Provided in accordance with aspects of the present disclosure is a surgical instrument including an end effector assembly including first and second jaw members. At least one of the first or second jaw members is movable relative to the other between a spaced-apart position and an approximated position for grasping tissue therebetween. A sheath is movable relative to the end effector assembly between a retracted position, wherein the sheath is positioned proximally of the first and second jaw members, and an extended position, wherein the sheath is disposed about the first and second jaw members. The sheath is configured to fluidly couple to a source of at least one of suction or irrigation to provide at least one of suction or irrigation at a surgical site.
In an aspect of the present disclosure, the surgical instrument further includes a housing and a shaft extending distally from the housing. In such aspects, the end effector assembly is supported at a distal end of the shaft and the sheath is slidably disposed about the shaft.
In another aspect of the present disclosure, a fluid port is disposed on the housing and configured to connect to the source of suction and/or irrigation. In such aspects, an internal fluid line disposed within the housing fluidly couples the sheath with the fluid port.
In still another aspect of the present disclosure, at least one actuator disposed on the housing is selectively actuatable for deploying and retracting the sheath.
In yet another aspect of the present disclosure, a movable handle extends from the housing and couples to the at least one of the first or second jaw members.
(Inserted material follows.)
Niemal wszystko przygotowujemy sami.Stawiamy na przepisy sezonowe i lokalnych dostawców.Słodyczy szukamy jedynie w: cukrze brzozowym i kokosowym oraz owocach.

The movable handle is selectively actuatable to move the at least one of the first or second jaw members relative to the other.
In still yet another aspect of the present disclosure, the sheath defines an open distal end and is configured to provide the at least one of suction or irrigation through the open distal end thereof. Alternatively or additionally, the sheath defines a plurality of apertures through a side wall thereof and is configured to provide the at least one of suction or irrigation through the plurality of apertures.
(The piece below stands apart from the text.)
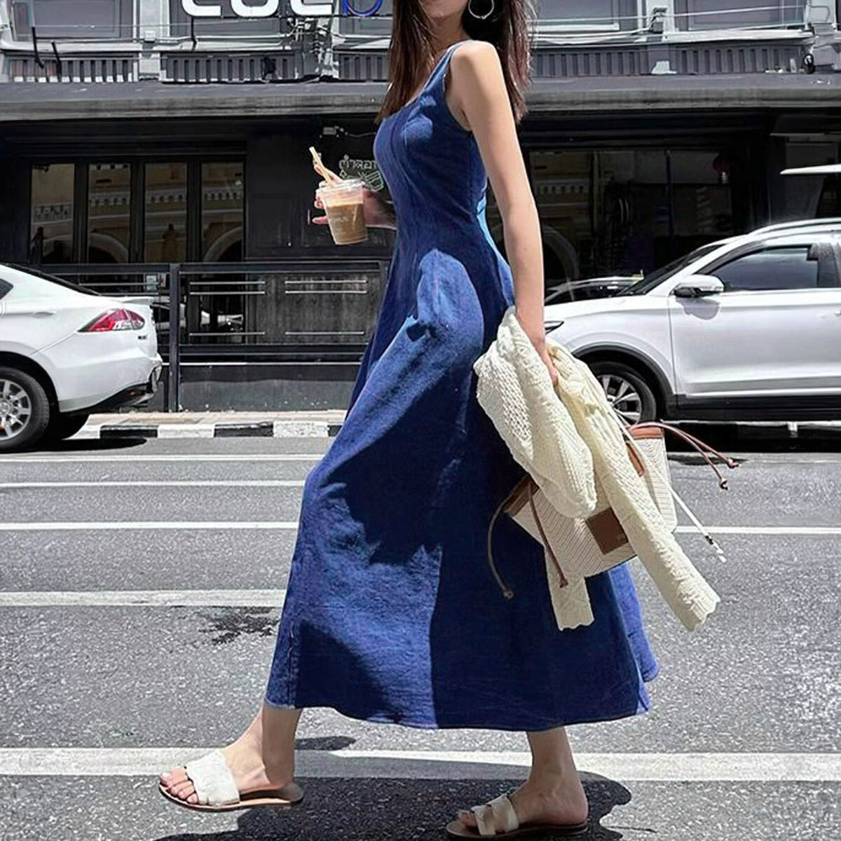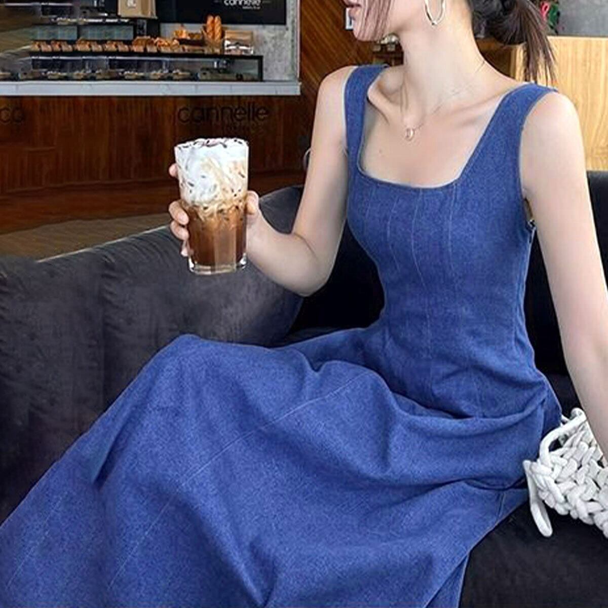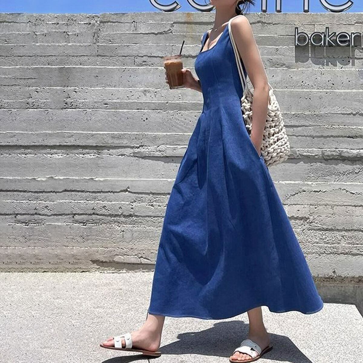 デニム風 ロングワンピース ノースリーブ レディース 春夏 韓国 ワンピース きれいめ 大人 カジュアル おしゃれ シンプル ミモレ丈 スクエアネック 上品 体型カバー 大人可愛い 大人女子

In another aspect of the present disclosure, the surgical instrument further includes an energizable member coupled to the sheath and extending distally therefrom. The energizable member is configured to move with the sheath between the retracted position, wherein the energizable member is positioned proximally of the first and second jaw members, and an extended position, wherein the energizable member extends distally from the first and second jaw members.
In yet another aspect of the present disclosure, the energizable member is configured to selectively supply monopolar energy to tissue.
In still another aspect of the present disclosure, the energizable member defines a hook-shaped configuration or a spatula-shaped configuration.
In another aspect of the present disclosure, the surgical instrument further includes a fluid jet member coupled to the sheath and extending distally therefrom. The fluid jet member is configured to move with the sheath between the retracted position, wherein the fluid jet member is positioned proximally of the first and second jaw members, and an extended position, wherein the fluid jet member extends distally from the first and second jaw members. The fluid jet member is configured to provide a fluid jet stream.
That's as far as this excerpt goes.